I have a Honda Element – awesome doggie vehicle in that it has no rugs and large area once back seats are taken out. But that may have nothing to do w/ Tripawd life.. I purchased a telescoping ramp as well…it works well and I used it alot at first after Maggie had surgery as she was so weak due to surgery and due to her being “down” for so many months prior. Now, I use her Ruffwear harness and help her in (rear leg amputee) – she starts to jump(she has jumped in a couple times but once missed so I don't allow her to do that anymore), I hold handle and then put my arm around her waist to lift up the rear of her. Coming out is easier…hold handle of harness and take some weight off her as she jumps out.
The Element is low to the ground so I can do this…Maggie weighs 63# just as an FYI.

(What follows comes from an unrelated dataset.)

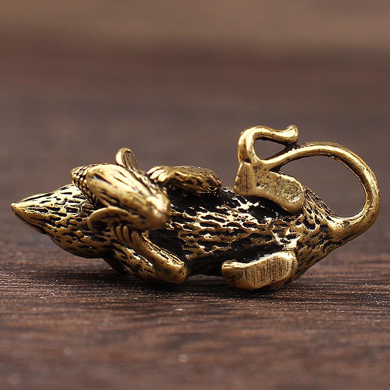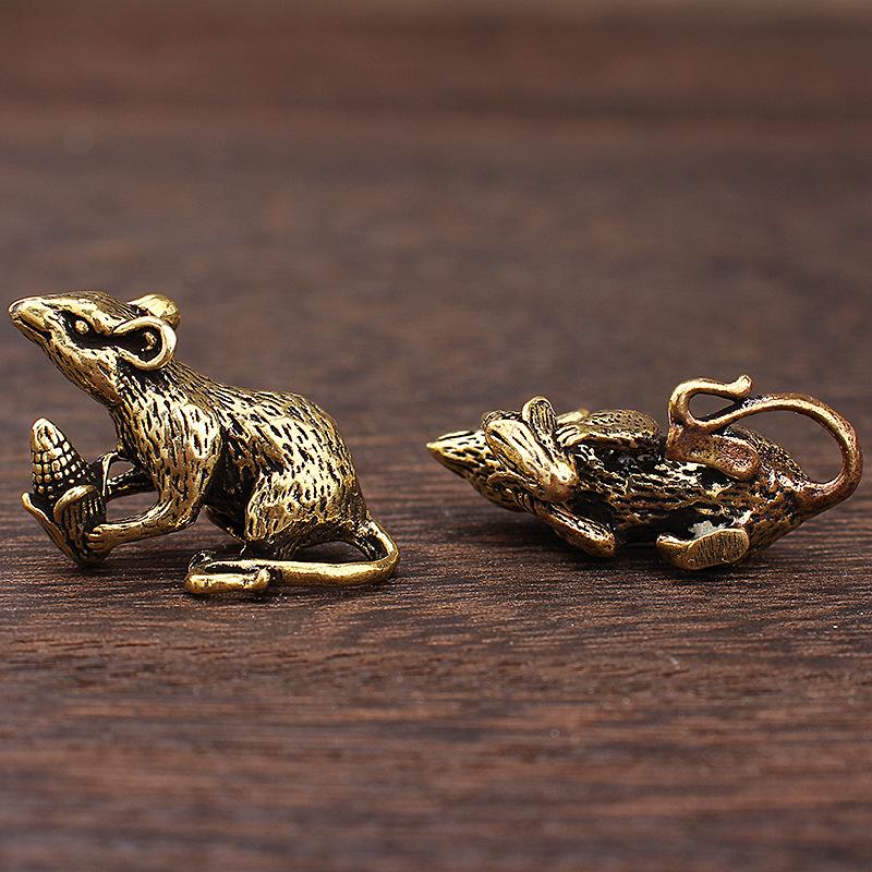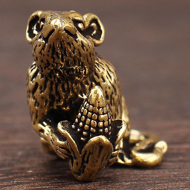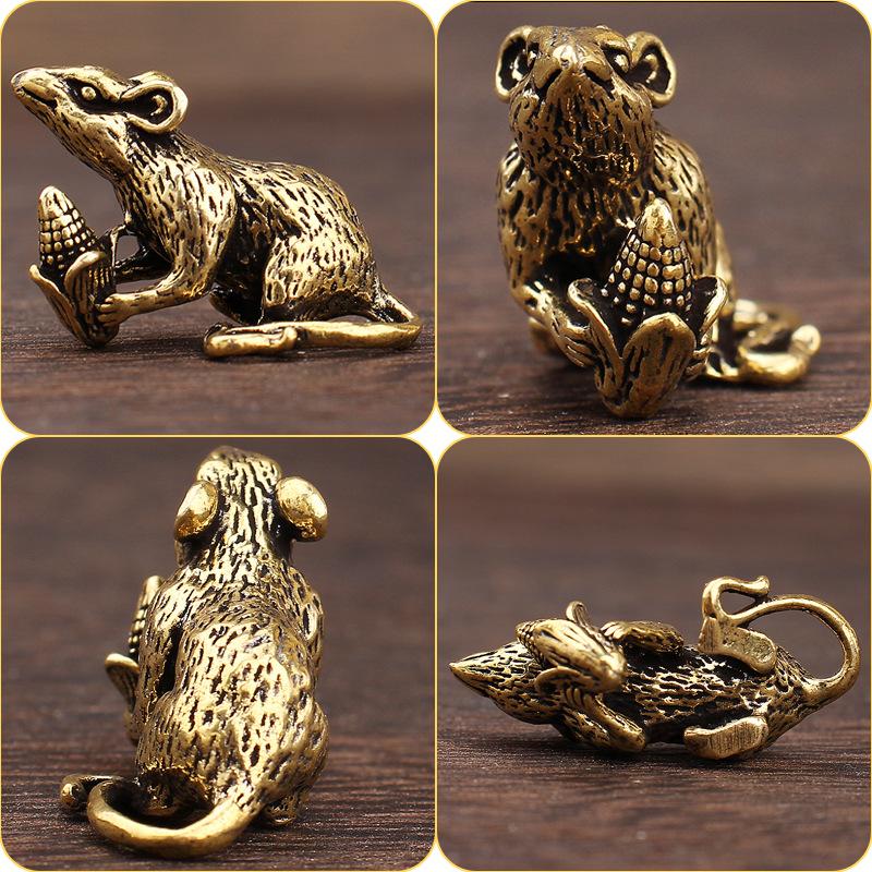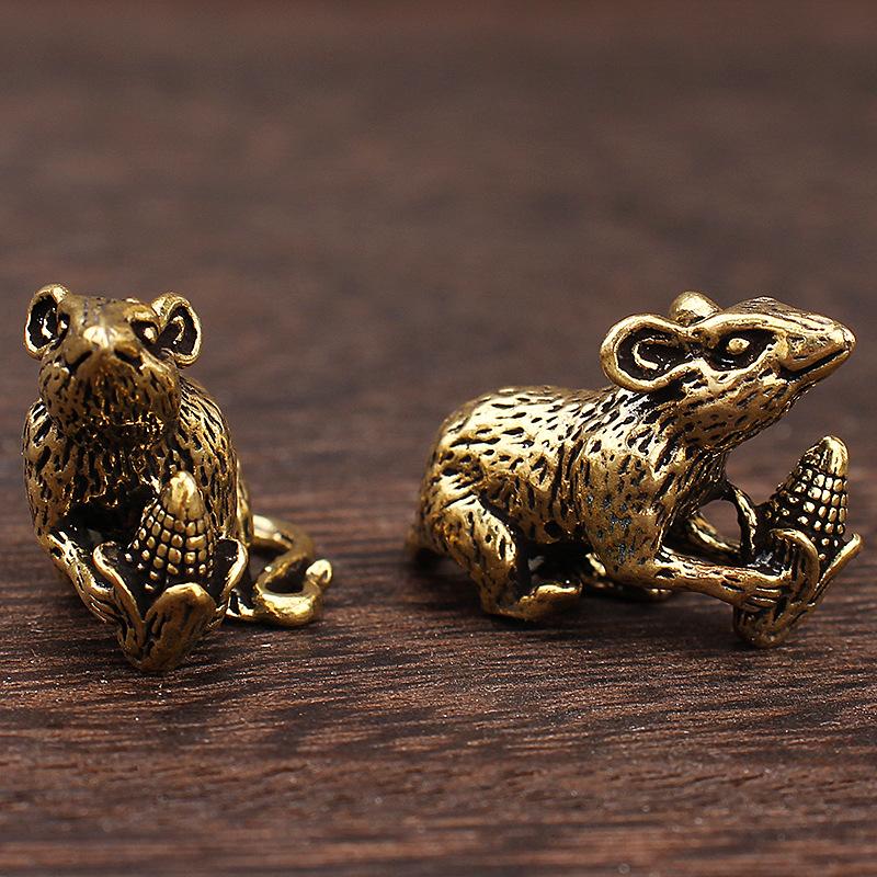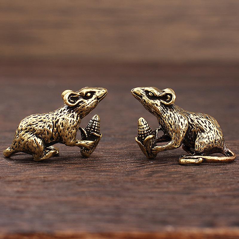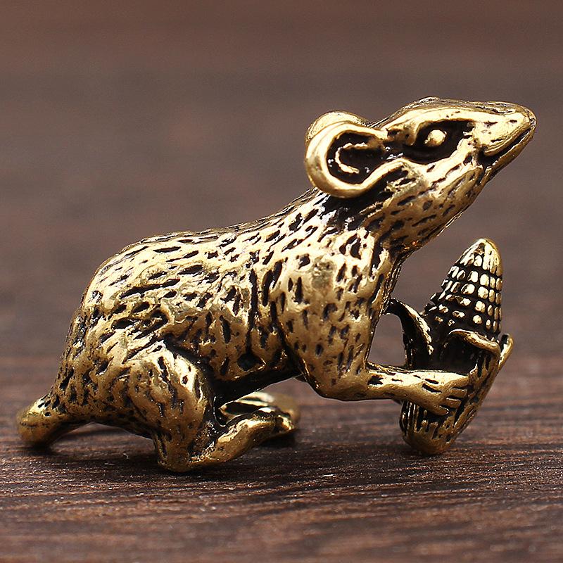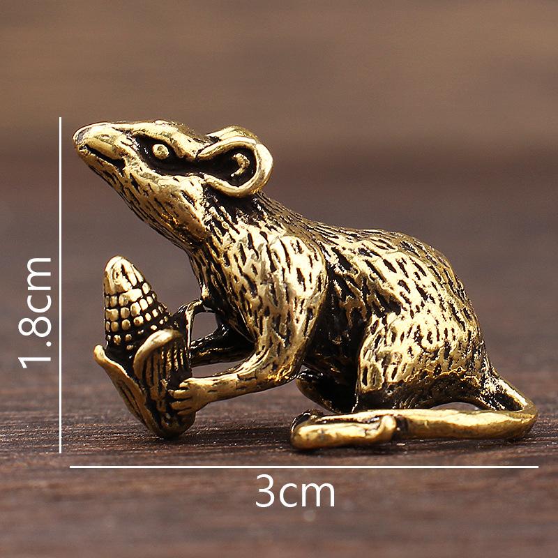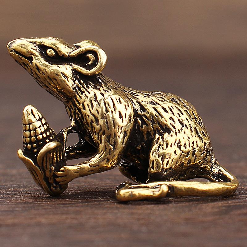Rato do Zodíaco de Latão Pequenos Ornamentos de Bronze Ware Barraca Artesanato de Metal Produtos de Cobre Puro Presente Rato Segurando Milho

For my husband's Jeep, however, this doesn't work…it's far too high…we use the ramp or he picks her entire body up.
Tracy, Maggie's Mom
Maggie was amputated for soft tissue sarcoma 10-20-09
Maggie lost her battle with kidney disease on 8-24-13
11 December 2009
I’m always a huge fan of VW, they always run and are low enough to the ground that it shouldn’t be a problem for you dog. I don’t know much about the other cars you are talking about, but I have a close relative who has a Honda Element like Tracy and it would be an ideal car just as she stated. I’m actually thinking of getting one in a few months. Right now my partner and I have a 73 VW superbeetle and a Ford Ranger. Neither are the ideal dog car, although Lucky has no trouble jumping in and out of either for the time being.
Lucky Amputation 10/29/09 Adoption 12/5/09
Jedi Amputation 12/18/09 Adoption 02/04/10
"I am not afraid, I was born to do this." Joan of Arc
We just got a Honda Element (“so that Milkshake could have more sq footage” – her papa) and we LOVE the spaciousness!! It even comes in a dog-friendly version that has dog bone flooring, a ramp, travel bowls, matching leash/collar, etc.
Eco-friendly? Nooooo, we’re only ave 22 mpg (auto, 2WD)…
But!!! Take the seats out of the back and you’ve got room for a crate, bed, AND bags!!